Because I can't find anyone else willing to give up a girl. They are like gold and no on wants to part with them. I've been trying to find some for years with no luck and then suddenly Chewy and Big Bertha became available. If I could find two or three more, they'd go over to Bert's side.


----------



## ticothetort2 (Nov 10, 2010)

Really nice Tom, I love the craftsmanship! I'm sure the girls will be very cozy for the cold winter nights.


----------



## ALDABRAMAN (Nov 11, 2010)

I love the color, nice job.


----------



## sara (Nov 11, 2010)

thats the same heater i have, I love the oil heaters, less risk of fire hazard and they seem to disperse heat more evenly. what a bunh of happy looking girls you have there!


----------



## Isa (Nov 11, 2010)

Very nice Tom! I really like it


----------



## Tom (Nov 11, 2010)

Isa said:


> Very nice Tom! I really like it



Thanks Isa. Me too. More importantly all my torts love it. Once I added the new girls not every one was going into their old box every night. Don't really know why, but it got really old carrying all those heavy torts around in the dark every night. Now all of them go in all by themselves EVERY night. Words cannot express what a relief that is.


----------



## laura808 (Nov 13, 2010)

Your daughter is so cute!!! how many animals do you have??


----------



## solstitialis (Nov 13, 2010)

Can you give me some info on the oil heater you use? What brand? Are they really a low fire risk? 

I currently keep my tortoise in a rubbermaid storage shed like the one you have pictured but I would like to build him something a bit nicer and yours looks fairly simple to duplicate. Thanks for posting!


----------



## Tom (Nov 13, 2010)

laura808 said:


> Your daughter is so cute!!! how many animals do you have??



Oh good lord... a whole bunch. I'm an animal trainer by trade, so all I do is mess with animals all day every day.

Thanks for complimenting my little girl. Every father thinks their little one is the cutest. I bet your dad does too.



solstitialis said:


> Can you give me some info on the oil heater you use? What brand? Are they really a low fire risk?
> 
> I currently keep my tortoise in a rubbermaid storage shed like the one you have pictured but I would like to build him something a bit nicer and yours looks fairly simple to duplicate. Thanks for posting!

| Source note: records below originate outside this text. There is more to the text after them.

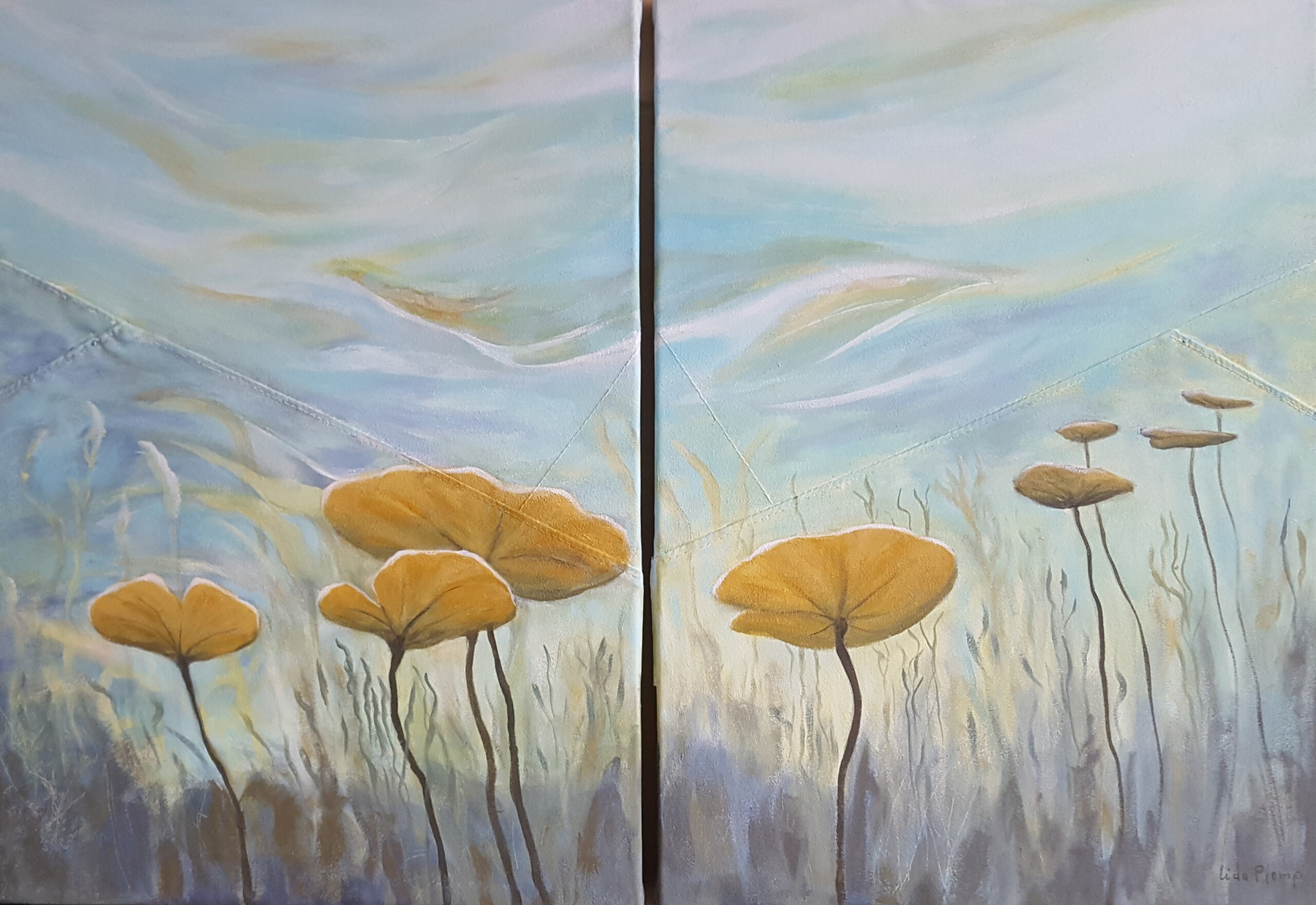 Tweeluik : Onder water, geschilderd op oud zeildoek.
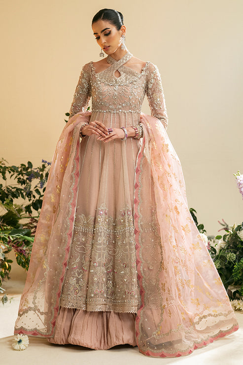 Introducing the Dahlia Pishwas, a stunning ensemble in salmon pink. This exquisite outfit features a...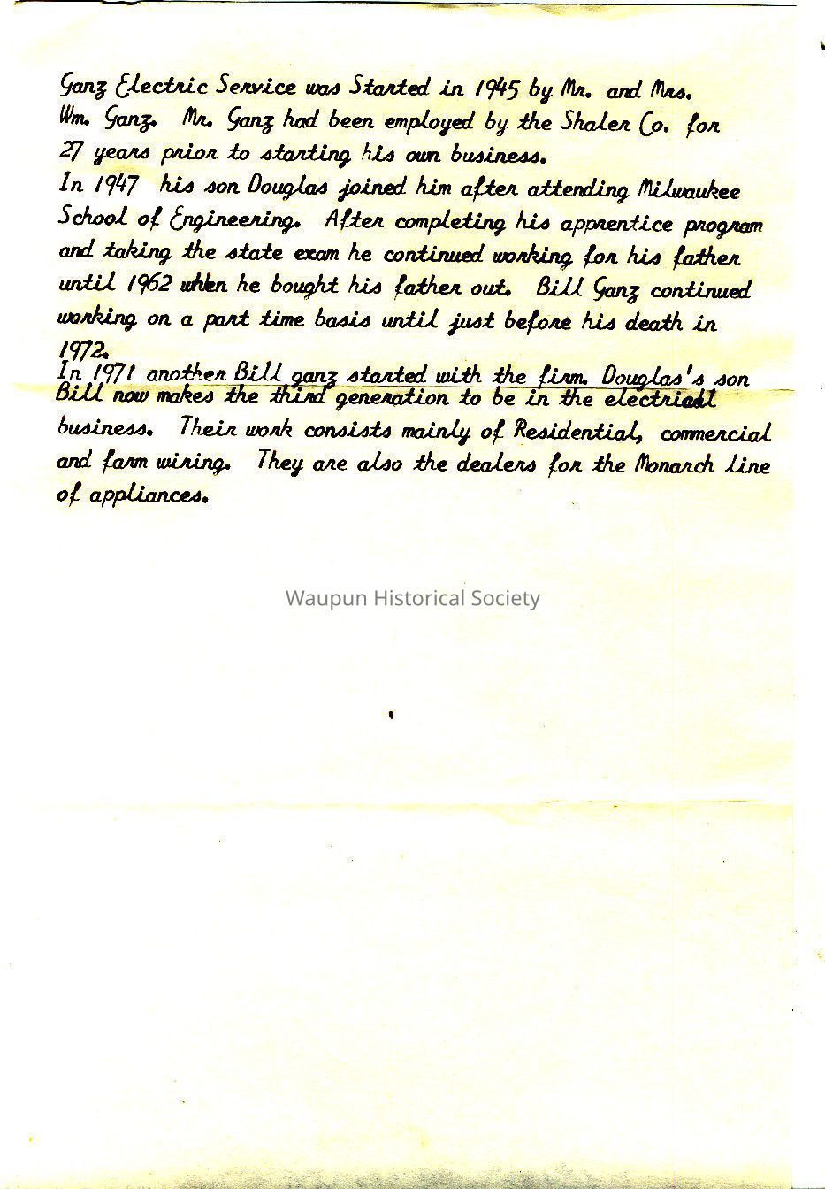 In 1971 another Bill Ganz started with the firm. Douglas's son, Bill, now makes the third generation to be in the electrical business. Their work consists mainly of Residential, commercial and farm wiring. They are also the dealers for the Monarch line of appliances.Acquisition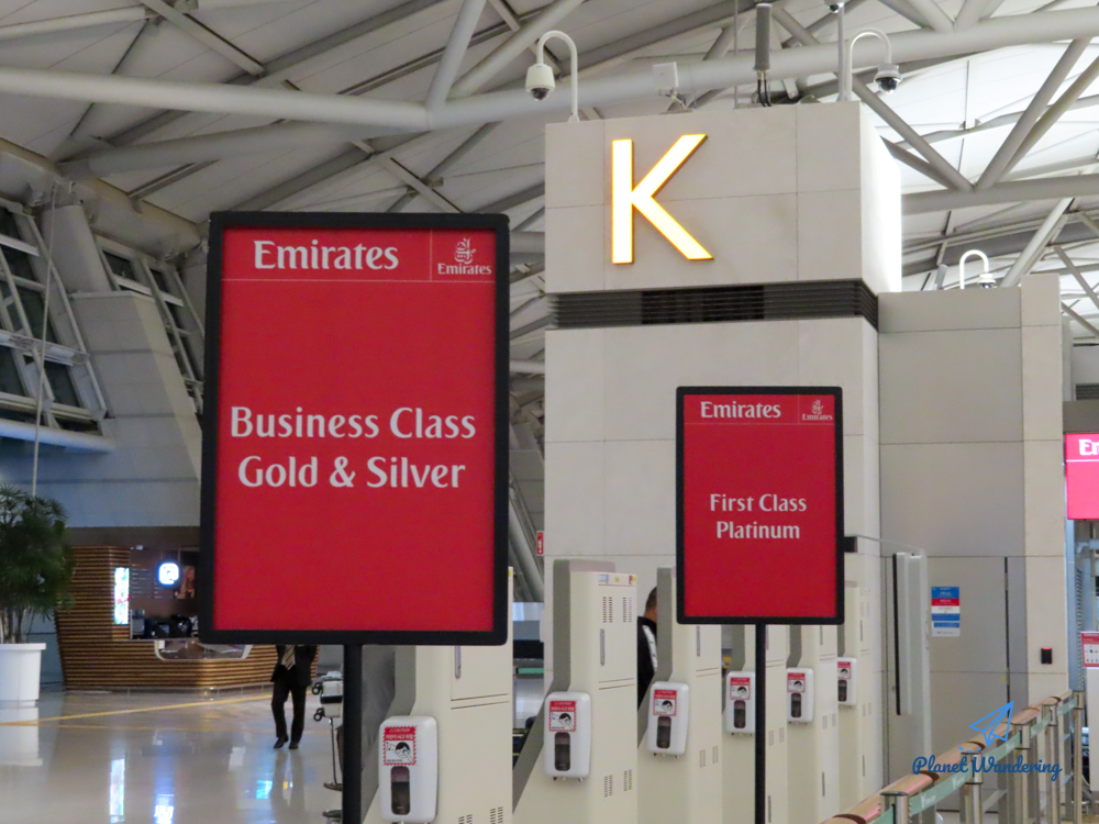 에미레이트항공은 온라인으로 체크인을 먼저 마친 승객들을 우대합니다. 비즈니스 클래스 카운터 옆에 오라인 체크인 승객들을 위한 카운터와 대기줄이 따로 있어서 온라인으로 미리 체크인을 했다면 짐을 부치는 수속 대기시간을 상당히 줄일 수 있어 좋습니다.
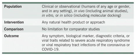 Throughout the live review, monthly literature searches were undertaken following the Cochrane Guidelines for a Living Systematic Review. Both PubMed and Google Scholar databases were included, with search terms including “natur*,” “herb*,” “nutraceutical,” “botanical,” “medicinal plant,” “Ayurvedic,” “Chinese medicine,” “herbal patent formula,” combined with “prevention,” “prophylaxis,” “deficiency,” “treatment,” “management,” and “*COVID*,” “Coronavirus,” “SARS-CoV-2.” Individual plant names and compounds cited in the literature were also searched. Articles were grouped based on the type of review—systematic, narrative, meta-analysis, and others.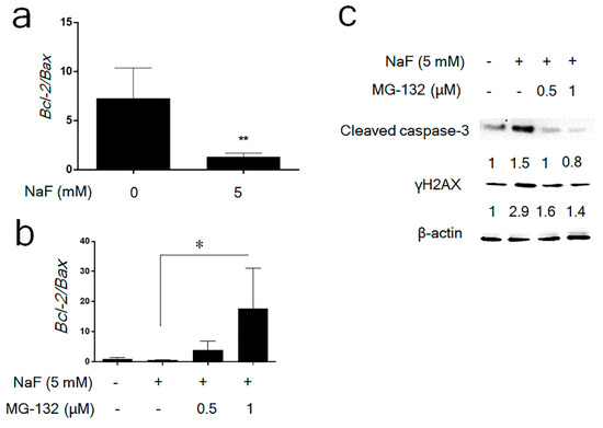 MG-132 attenuated fluoride-induced apoptosis in LS8 cells. LS8 cells were treated with MG-132 (0.5–1.0 μM) for 2 h prior to NaF (5 mM) treatment for 24 h. (a) The Bcl-2/Bax mRNA ratio was quantified by qPCR. NaF significantly decreased the Bcl-2/Bax mRNA ratio (** p < 0.01). (b) MG-132 (1 μM) significantly increased the Bcl-2/Bax ratio compared to NaF treatment alone (* p < 0.05). Data are presented as means ± SD. (c) γH2AX (15 kDa) and cleaved-caspase-3 (17 kDa) were detected by Western blots. MG-132 inhibited fluoride-induced γH2AX protein expression and inhibited caspase-3 cleavage. The numbers show relative expression normalized by the loading control β-actin (44 kDa). Statistical analysis of relative protein expression of cleaved-caspase-3 and γH2AX are shown in supplementary Figure S6.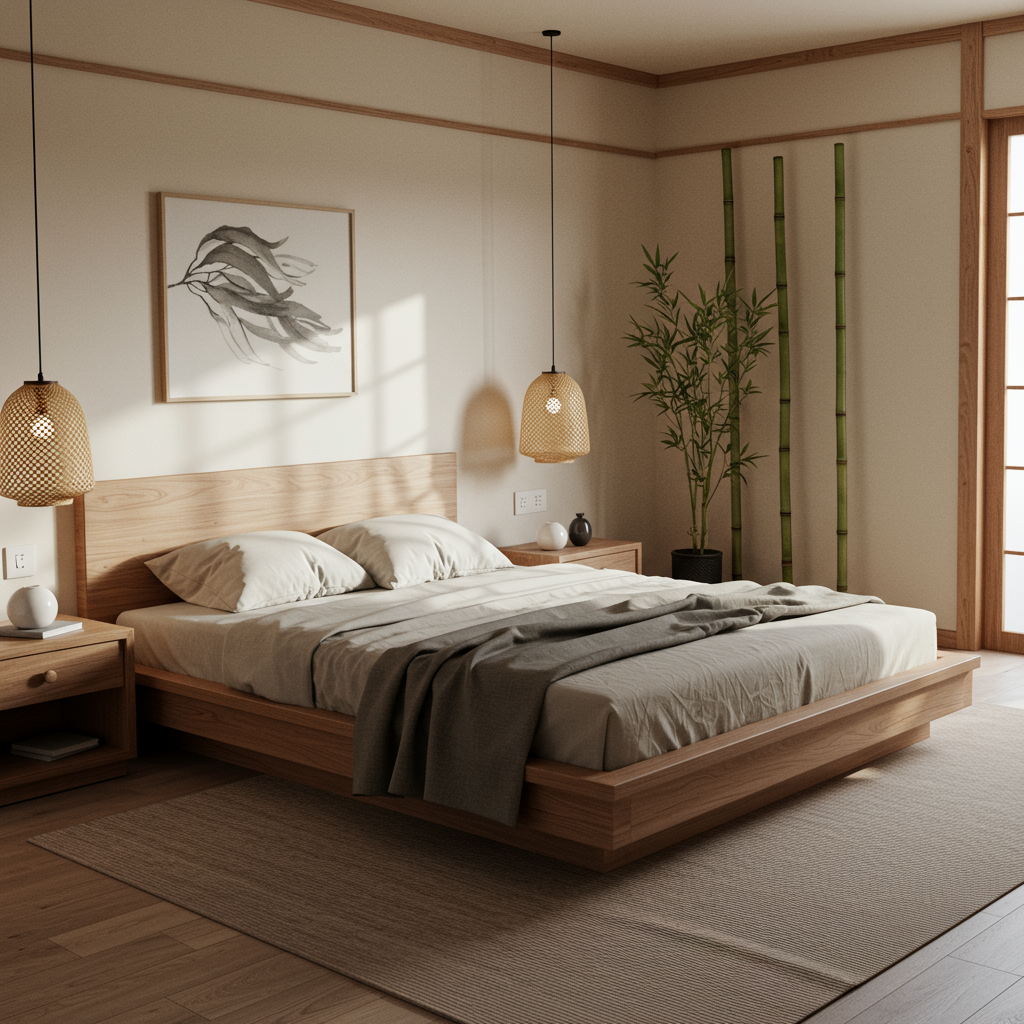 Interested in playing with Japandi? Common features include calming color palettes and organic materials like raw wood and bamboo. Try softening harsh edges with softer textures, like cozy blankets and ceramic pieces.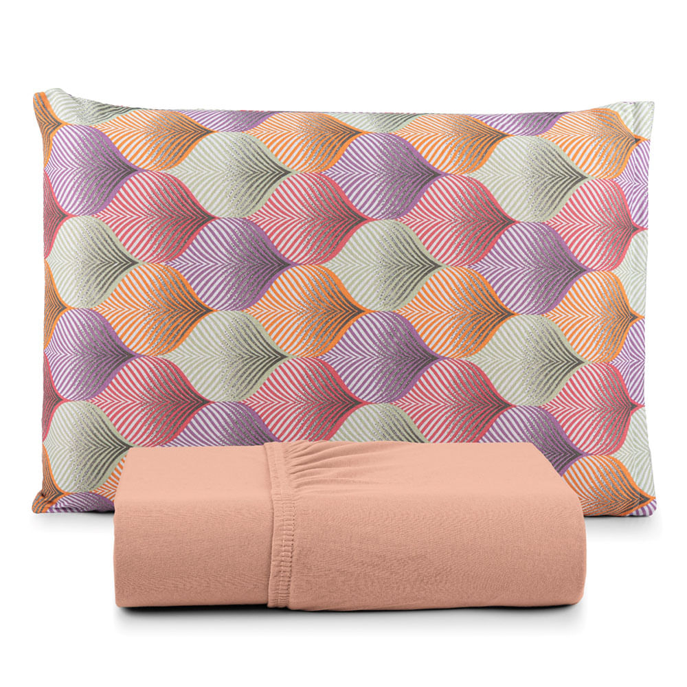 Jogo de Cama Lençol Sonho Bom Solteiro em Malha Algodão 2 Peças - Salmão - 100% Algodão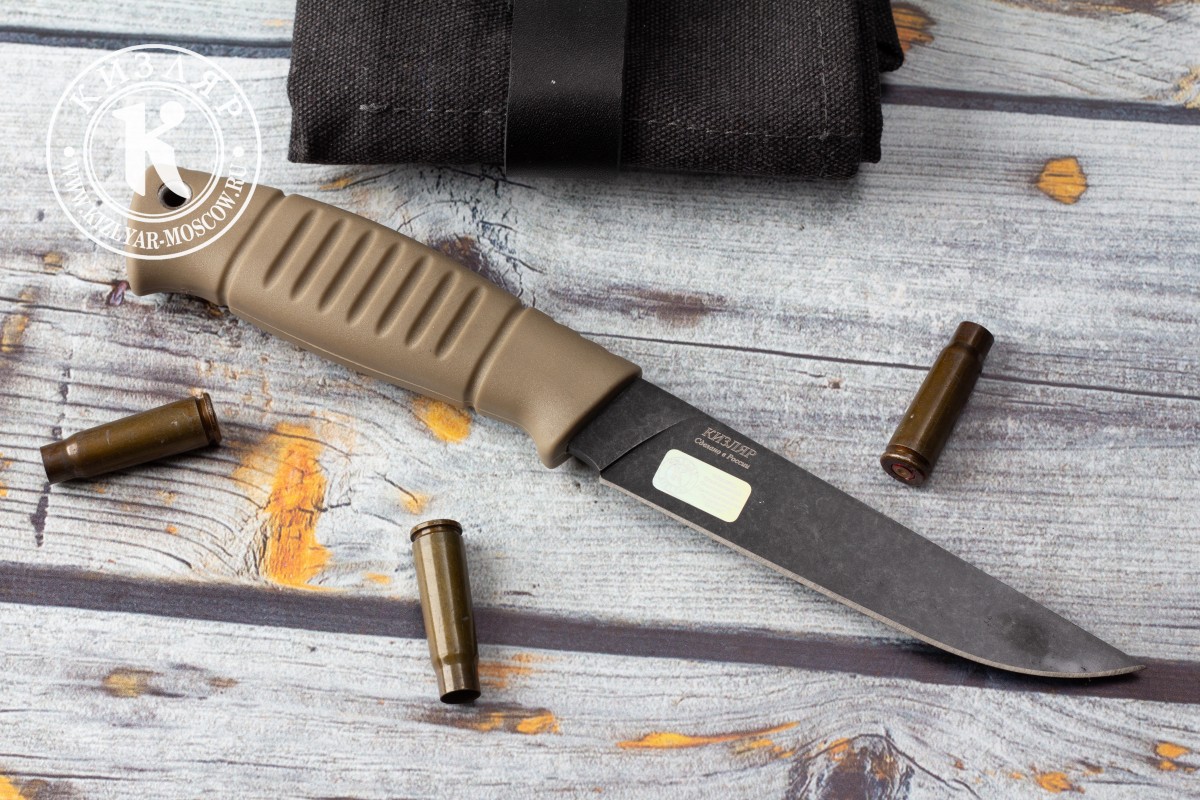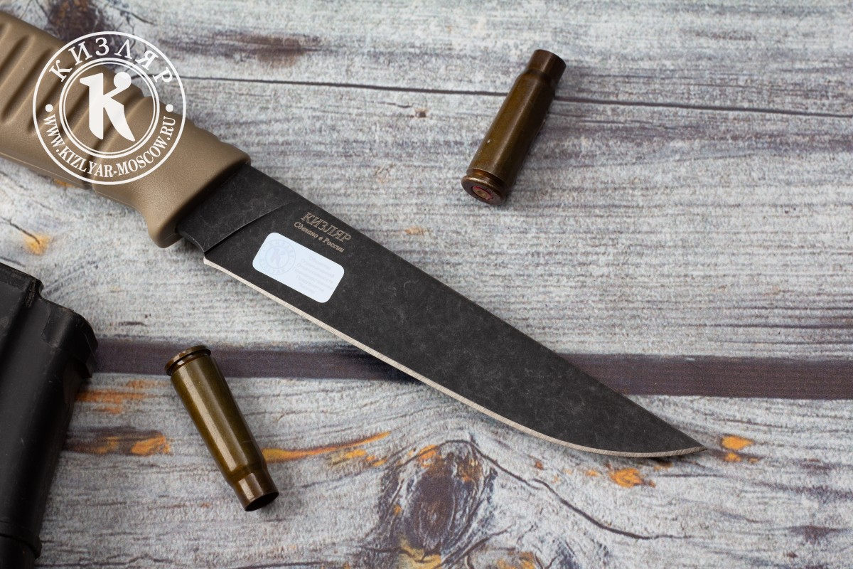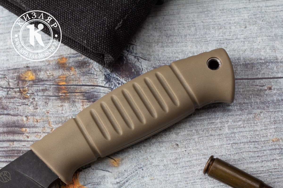 Рукоять выполнена методом напрессовки по всей длине хвостовика до темлячного отверстия. Фактурная рукоять из эластрона будет уверенно удерживаться даже мокрой или грязной рукой.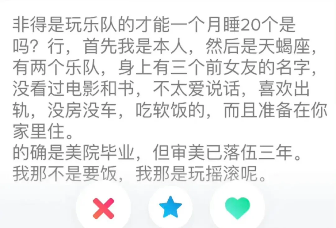 自己的照片要有一张,基本是长发,唱民谣的直发飘飘,玩摇滚的头发卷曲。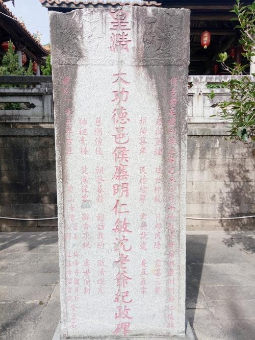 此碑高294厘米,其中碑额高59厘米,篆书“皇清”二字,碑身高235厘米,宽82厘米,厚14厘米。存立梅峰寺天王殿后广场上。

They are relatively safe. Most of them have a tip over shut off switch and if you keep them on low, they don't get hot enough to start a fire. I have a friend who used one in a plain, 3', plywood cube tort box. It rested up against the plywood inside the box and his tort would rest up against the heater with no problems. You can see I took lots of extra precautions with mine. Also, even though they draw a lot of power when they are on (600 watts on low), in a well insulated box they only come on two or three times a night. I'm using a watt meter right now to compare usage with this to a couple of heat mats that are always on, but using less electricity. Temps have been in the 40's here, but even with my thermostat set to 80, that heater rarely comes on...

... and I've got some happy torts.


----------



## ChiKat (Nov 14, 2010)

It looks wonderful! Sounds like the torts are very happy 
Your daughter is so adorable!


----------



## REXANNismyprettygirl (Nov 18, 2010)

WOW!!! that is definately the mother of all tort houses!!  I think I will share your handywork with my husband so he has an idea of what I am looking for in Rexann's new house!! hehehe


----------



## DeanS (Nov 18, 2010)

THE GURU I SAY! Is there any doubt?!?!? Nice work Tom (but really...I expected nothing less)!


----------



## solstitialis (Nov 19, 2010)

Tom said:


> laura808 said:
> 
> 
> > Your daughter is so cute!!! how many animals do you have??
> ...





What kind/brand thermostat are you using?


----------



## tortoises101 (Nov 19, 2010)

Extremely innovative and well designed. I like the idea of the build in heater; very smart design!!!


----------



## Tom (Nov 20, 2010)

solstitialis said:


> Tom said:
> 
> 
> > laura808 said:
> ...





Its called "A Life 1000 Watt Thermostat". I bought them from LLL Reptile. I've bought around 10 of them over the last couple of years and they all work great on a variety of electrical products.





tortoises101 said:


> Extremely innovative and well designed. I like the idea of the build in heater; very smart design!!!



Thank you. I spent A LOT of time thinking about every aspect of it. Took me around two weeks to actually build and finish it.


----------